Now inside Altona’s tiny “hospitality center,” just after 6 am, the women begin sign-in, checking in their packages and making impassioned cases before the site’s officers as to why their cans of seasoned tuna and mesh shorts should be admitted. Most are unsuccessful, forced then to stash contraband sausage links and bath towels in lockers provided to them.
Guests then prepare for visits, ducking into a pair of bathrooms to prep and prime. Sweatsuits are swapped for form-fitting (but still DOCCS-appropriate) blouses and jeans. Hair is brushed down from scarves and ponytails, make-up hastily yet carefully applied. Jewelry. Perfume.
It’s now 8 am, and visiting hours have begun. Before guests can access the visiting room, IDs are scanned, and visitors photographed. Photographs, taken every time, are checked in a facial recognition database, officers say, to make sure visitors are who they say they are. (Morpho, the French multinational company that created the facial recognition system DOCCS uses, has also partnered with the FBI in the past to develop its facial recognition programs.)
But despite its use in DOCCS facilities, the software is not described in the copy of the department’s handbook given to Truthout by a department spokesperson. Instead, prospective visitors are told their photograph will be taken for the “visitor identification system.”
The software works slowly on this day, delaying the first few guests, including Loveless. But after a few tries, she is cleared. The grandmother must then remove her bra to walk through a metal detector in order to prove that she’s only wearing an underwire and not smuggling in any prohibited items. Only then are they allowed up to the visiting room to see Loveless’s son — a moment she calls the “highlight” of the entire process, the one thing making it all worth it.

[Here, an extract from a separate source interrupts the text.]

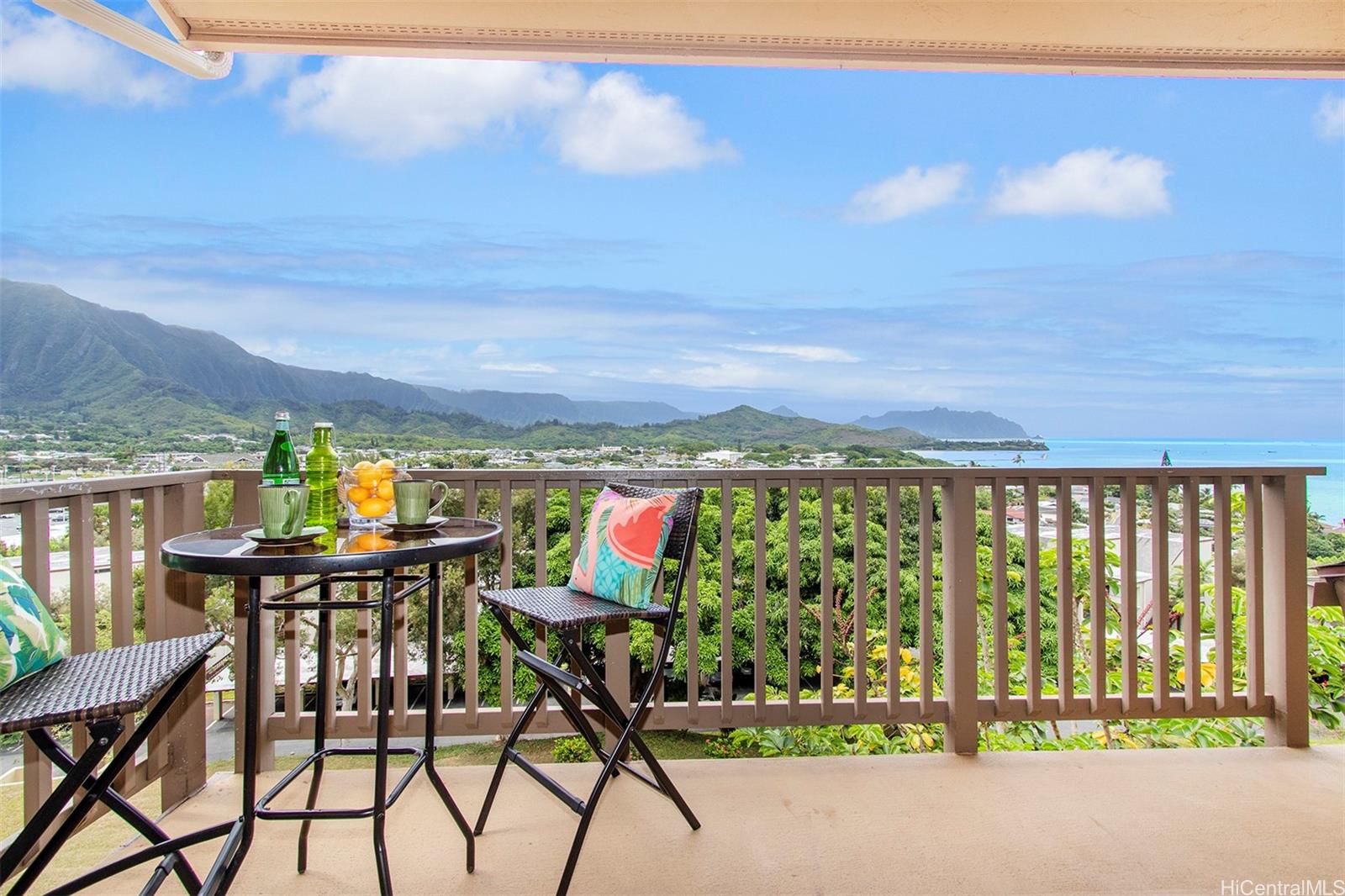 Breathtaking panoramic views from the Ko’olau range to the BLUE OCEAN of Kaneohe Bay & Chinaman's Hat. Have breakfast or dinner on the open lanai as you take in the gorgeous OCEAN views. Large 3bd, 2 ba, w/ 2 cvd pking features a spacious open floor plan, vaulted ceilings, great cross ventilation, bdrm & full bath on first floor, & an exclusive, private entry to your unit. Live the Hawaii lifestyle with resort like amenities in a park like setting: club house, pools, tennis courts, guest pking, walking paths. Quiet yet conveniently located - walking distance to Windward Mall, Farmers Markets, Restaurants, Supermarkets. Easy access to H-3, Likelike, Pali, Marine Corps Base Hawaii. **Bonus! “Association approved” exclusive storage closet at the front entry”.

“When it’s your kids, it don’t even matter,” Loveless said of the trip. “I walk through mountains for mine.”
And though some state politicians are trying legislate paths around the “mountains” Loveless describes, she is hesitant to get her hopes up. For the foreseeable future, she plans to continue to put in the time, energy and money necessary to maintain contact with incarcerated members of her family.
“I have to hold my family together,” Loveless said. “If I don’t hold my family together, I won’t have a family.”